The pieces make a number of other different shapes.
Crambrook. 1843. P. 4, no. 17: Four pieces to form a Square. This might be the dissection being considered here??
A. Héraud. Jeux et Récréations Scientifiques -- Chimie, Histoire Naturelle, Mathématiques. (1884); Baillière, Paris, 1903. Pp. 303 304: Casse tête. Uses two cuts which are perpendicular but are not through the centre. He claims there are 120 ways to try to assemble it, but his mathematics is shaky -- he adds the numbers of ways at each stage rather than multiplying! Also, as Strens notes in the margin of his copy (now at Calgary), if the crossing is off-centre, then many of the edges have different lengths and the number of ways to try is really only one. Actually, I'm not at all sure what the number of ways to try is -- Héraud seems to assume one tries each orientation of each piece, but some intelligence sees that a piece can only fit one way beside another.
Handy Book for Boys and Girls. Op. cit. in 6.F.3. 1892. P. 14: The divided square puzzle.
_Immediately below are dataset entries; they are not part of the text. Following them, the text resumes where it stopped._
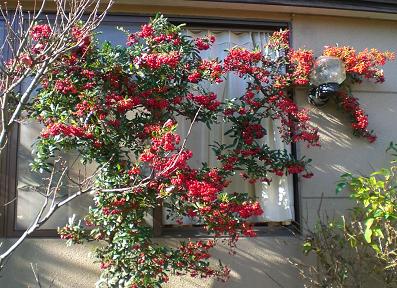 窓辺のピラカンサが、新芽をびょんびょんと伸ばして、屋根にまでついています。とても見苦しい。 暖かな陽射しの今日、剪定するぞ!外からは高枝バサミで、家の中からは、出窓に乗り、のこぎりとハサミを使い、剪定しました。 すっきり!右側は、赤い実が、外灯に架かっていて、この景色は、自分なりに気に入ってます。これ以上は、もう伸ばしません。 左側は、ガラス窓の直角を伝い、ぐるりと向こうまで伸ばしていく予定です。この状態で、春は小さな真っ白い花が、木を覆うように咲き、とてもきれいです。いつも頭の隅には、植物の春の状態を想像しています。これはこういう風に仕立てていこう、とか、春を待っているとか、そういう日々も楽しいですね。前面の、葉をすっかり落とした木は、モミジです。
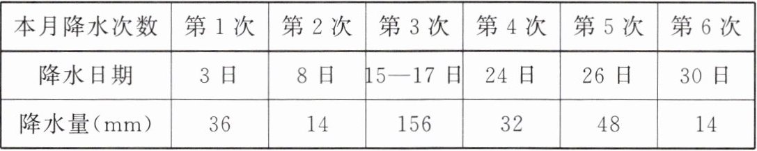 该地理兴趣小组的同学们观测了当地某月全部的降水过程,并做了详细记录(如下表)。
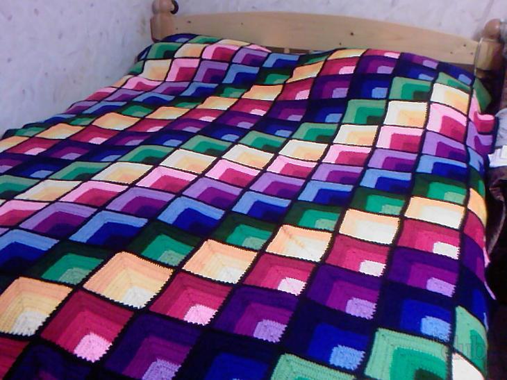 В отличие от предыдущих техник этот петчворк создается без сшивания лоскутов. Во-первых, используются не куски ткани, а вязанные клочки различных цветов, но изготовленные из одинаковых по типу ниток. Во-вторых, эти клочки связываются, а не сшиваются, что позволяет создать оригинально вязанное одеяло в стиле печворк.
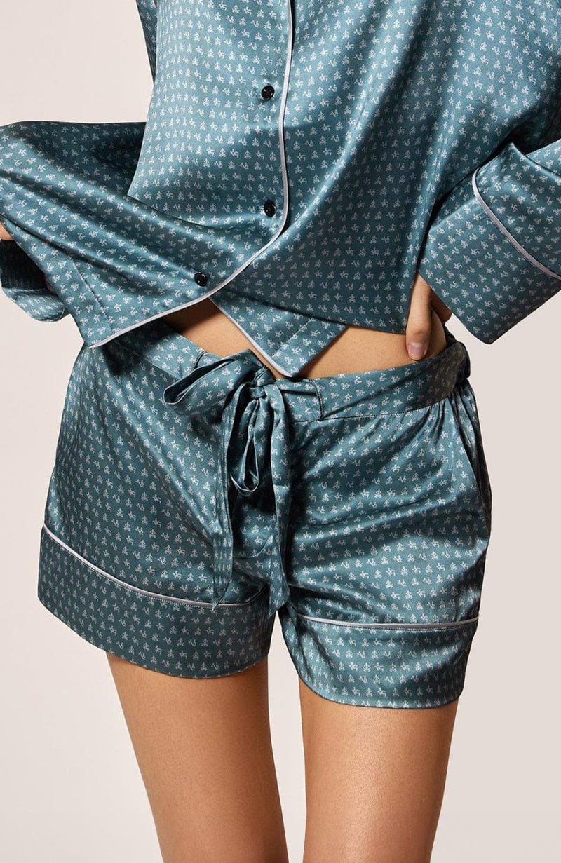 Indulge in intimate luxury with our Moi et Toi Tie Up Short, crafted from sumptuous silk charmeuse. This sophisticated piece features an exclusive, provocative all-over print celebrating closeness and connection. Pair with the matching Moi et Toi PJ Top for a complete, coordinated ensemble that whispers refined sensuality.

Crossing is off-centre.
Tom Tit, vol 3. 1893. Carré casse-tête, pp. 179-180. = K, no. 26: Puzzle squares, pp. 68 69. = R&A, Puzzling squares, p. 99. Not illustrated, but described: cut a square into four parts by two perpendicular cuts, not necessarily through the centre.
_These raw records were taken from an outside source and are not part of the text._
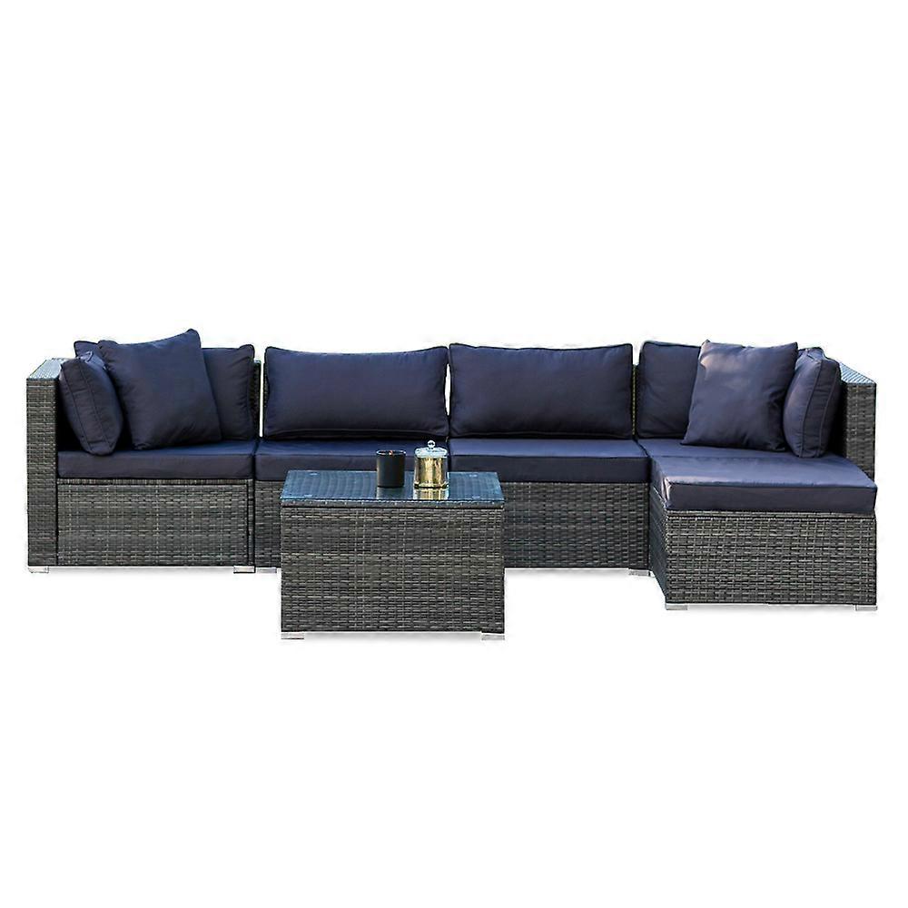 Rattan 5 Seater Modular Outdoor Lounge Setting With Coffee Table Ottoman Grey Patio Furniture Sets
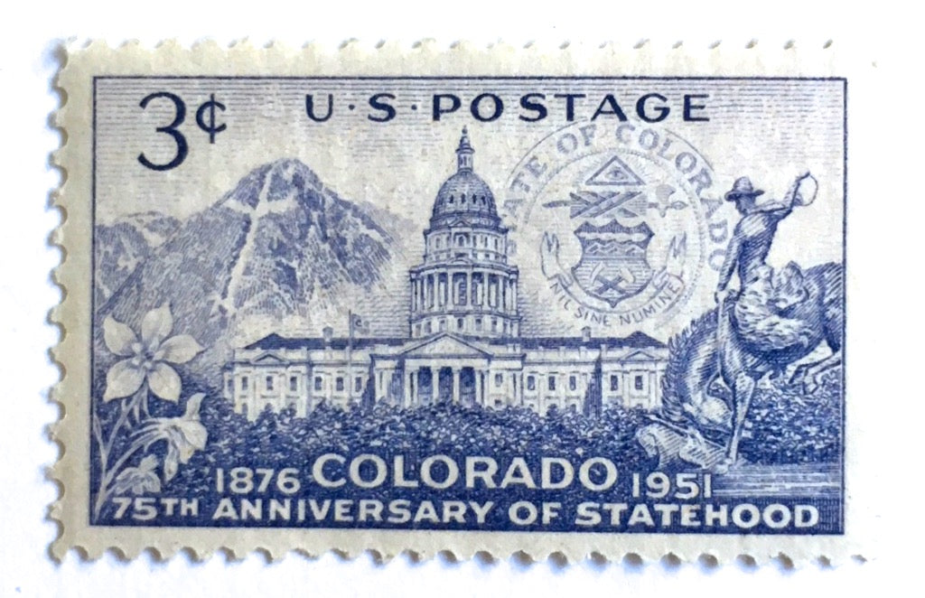 10 Vintage Colorado Postage Unused Stamps Dusty Blue Rocky Mountain Denver Grey Blue Stamps for Mailing
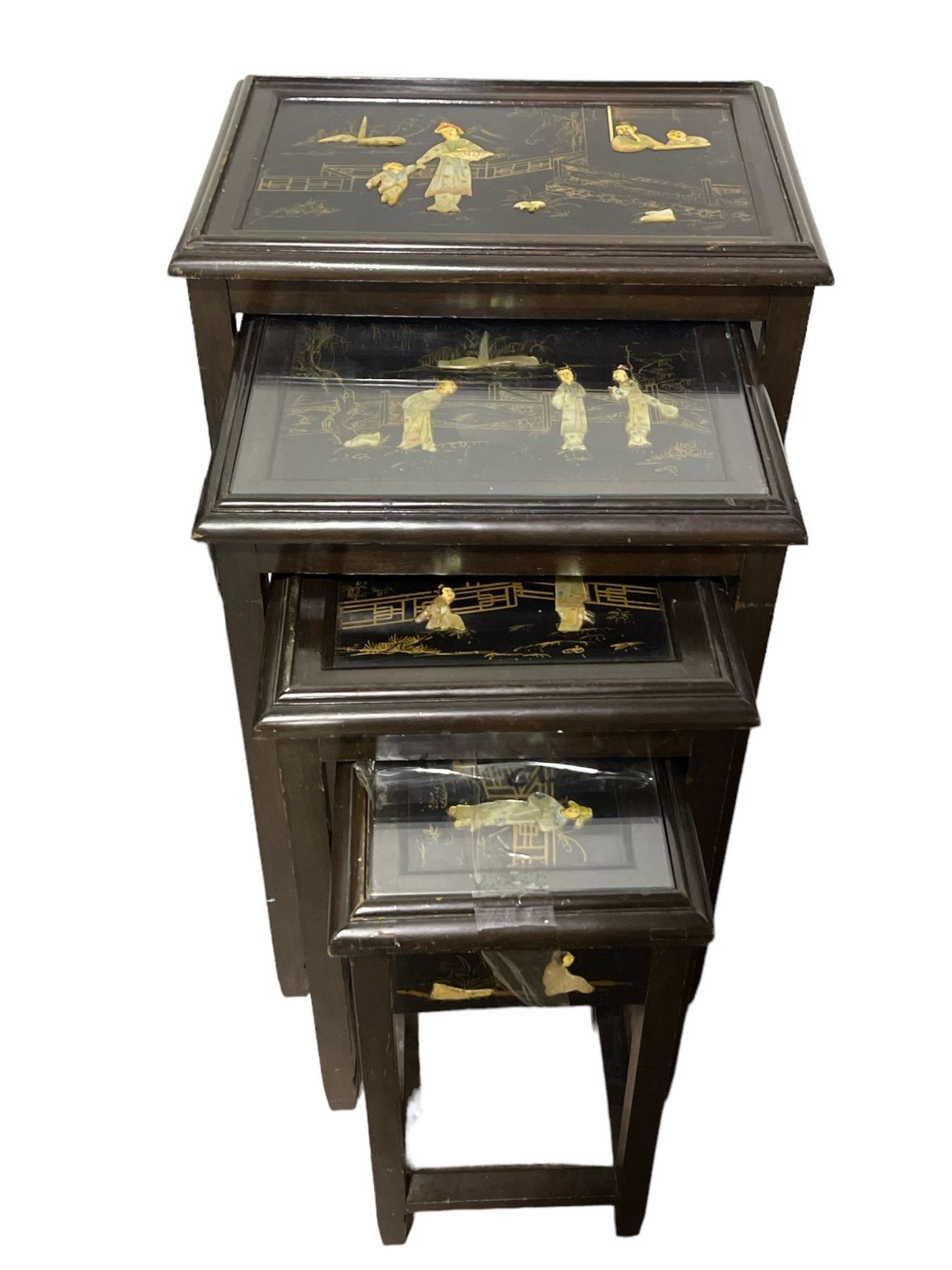 Oriental  Mother of Pearl  inlaid nesting tables (x4 tables in the set)
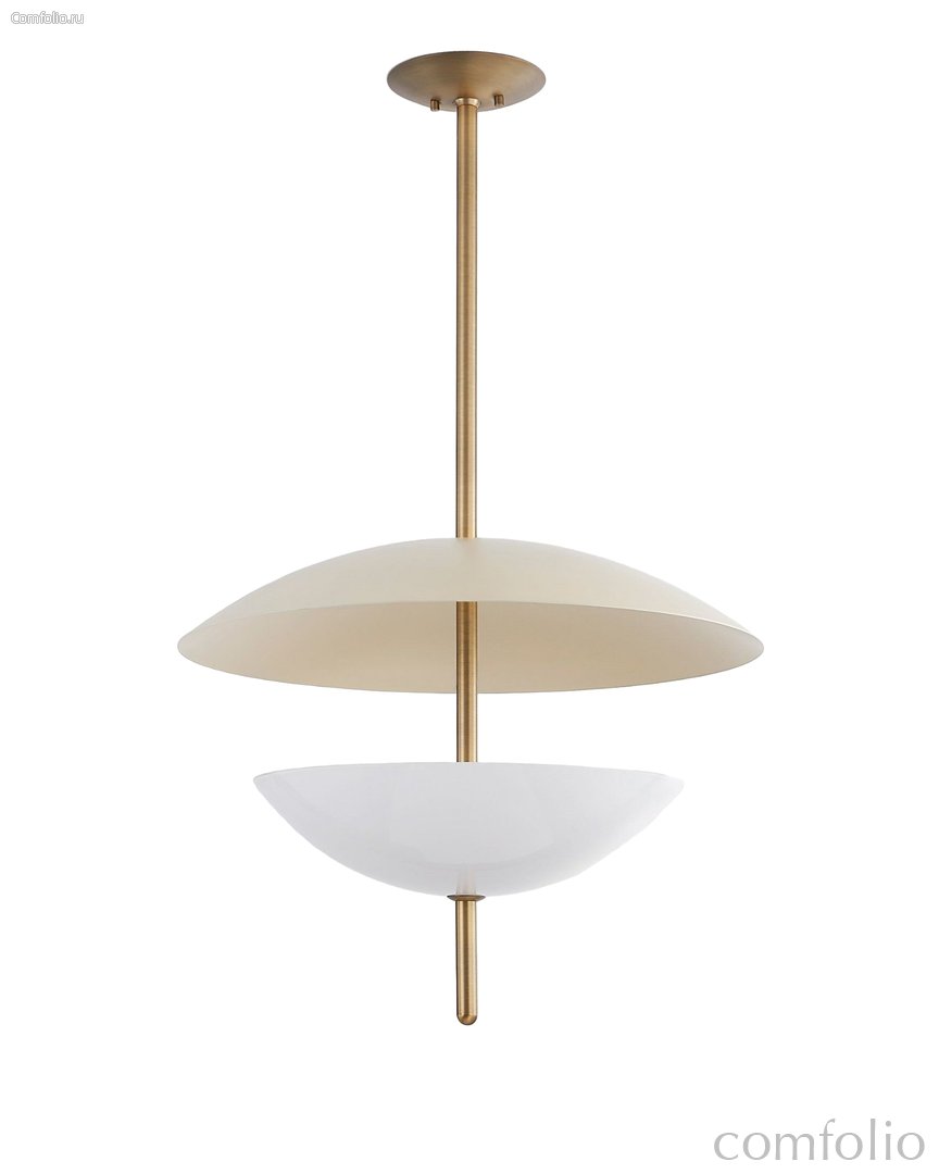 Золотистый подвесной светильник "Чинцио" — элегантный акцент для интерьеров в стиле modern classic, soft contemporary и mid-century. Его выразительная двухслойная форма создаёт мягкое, рассеянное освещение и подчёркивает архитектуру пространства, верхний широкий металлический диск формирует выразительный силуэт, а нижняя полусфера из стекла мягко рассеивает свет и делает освещение комфортным. Светильник выполнен в отделке из брашированной латуни, которая придаёт модели тёплый оттенок. Плафон в цвете белый и слоновая кость гармонично сочетает стекло и металл, обеспечивая комфортный свет без резких бликов. Центральная ось из металла подчёркивает симметрию и делает дизайн визуально сбалансированным. Благодаря диаметру Ø 60 см и общей высоте 50,6 см светильник отлично подходит для размещения над обеденным столом, в гостиной или зоне кухни-столовой. Использование LED-лампы обеспечивает энергоэффективность и современный уровень освещения.

A. B. Nordmann. One Hundred More Parlour Tricks and Problems. Wells, Gardner, Darton & Co., London, nd [1927 -- BMC]. No. 77: Pattern making, pp. 69-70 & 109. Make five other shapes.
M. Adams. Puzzle Book. 1939. Prob. C.12: The broken square, pp. 125 & 173. As above, but notes that the pieces also make a square with a square hole.